* [Task to complete]: Write out word for word each line from the one containing "更生保護女性会の2人がお見えになり、1年生に雑巾を寄付してくださいました。" through the close of the listing, including both ends. Pictures do not belong in the copy.
=== Information provided ===
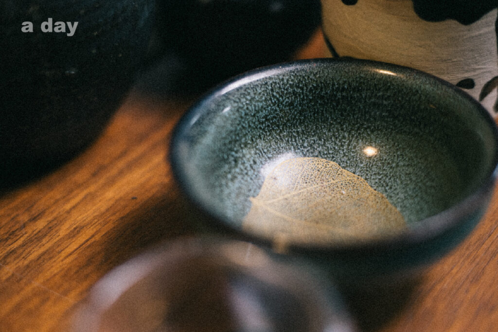 **“เสียงในหัวคอยบอกว่าเดินเล่นไปเรื่อยๆ เดินอีก เหมือนมีอะไรรอเราอยู่ แล้วก็เจอร้านหนึ่งที่มืดๆ เงียบๆ เจ้าของเป็นคุณยายอายุเก้าสิบกว่า เป็นร้านขายจอกสาเก กาชา จริงๆ ก็ตั้งใจจะไปดูเฉยๆ ไม่ได้ซื้อ แต่พอเข้าไปในร้านต้องร้องอือหือ! ถ้าไม่ซื้อคงรู้สึกผิด เราก็ได้จอกสาเกใบนี้มา” **แล้วน้ำในกาก็ส่งเสียงเดือดปุดๆ อีกครั้ง จูเลี่ยนยกมันขึ้นอย่างคล่องแคล่วไม่ยักกลัวไอร้อน เขาเทน้ำเปล่าลงในถ้วยที่เต็มไปด้วยใบชา แล้วน้ำก็ล้นจนดันใบชาขึ้นมา
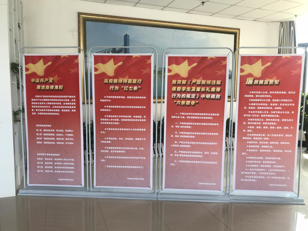 此外,为进一步推进机关党委廉政文化建设,加强对党员干部的廉政警示教育,“七一”前夕,机关党委精心制作廉政专栏,重点向机关全体党员、干部重申“中国共产党廉洁自律准则”、“高校教师师德禁行行为‘红七条’”、“教育部《严禁教师违规收受学生及家长礼金等行为的规定》中明确的‘六条禁令’”等条例规定,推进机关作风建设、纪律建设,营造风清气正的良好氛围,推动全面从严治党向纵深发展。
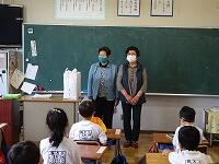 更生保護女性会の2人がお見えになり、1年生に雑巾を寄付してくださいました。
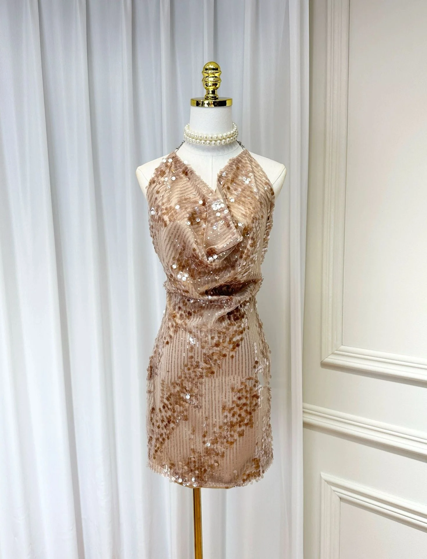 Elevate your evening look with our Sequin Halter Sleeveless Mini Dress in Khaki Brown. This chic and trendy dress features a halter neckline and sleeveless design for a glamorous yet comfortable fit. Perfect for a night out, the sequin detailing adds a touch of sophistication. Made with high-quality materials, this dress exudes both style and luxury. Model Stats: Height – 68.9”/175 cm, Bust – 36.6”/93cm, Hips – 36.6”/93 cm, Waist – 25.5”/65 cm. Please check our size chart for the perfect fit.
===
* [Response area]:
 更生保護女性会の2人がお見えになり、1年生に雑巾を寄付してくださいました。
 Elevate your evening look with our Sequin Halter Sleeveless Mini Dress in Khaki Brown. This chic and trendy dress features a halter neckline and sleeveless design for a glamorous yet comfortable fit. Perfect for a night out, the sequin detailing adds a touch of sophistication. Made with high-quality materials, this dress exudes both style and luxury. Model Stats: Height – 68.9”/175 cm, Bust – 36.6”/93cm, Hips – 36.6”/93 cm, Waist – 25.5”/65 cm. Please check our size chart for the perfect fit.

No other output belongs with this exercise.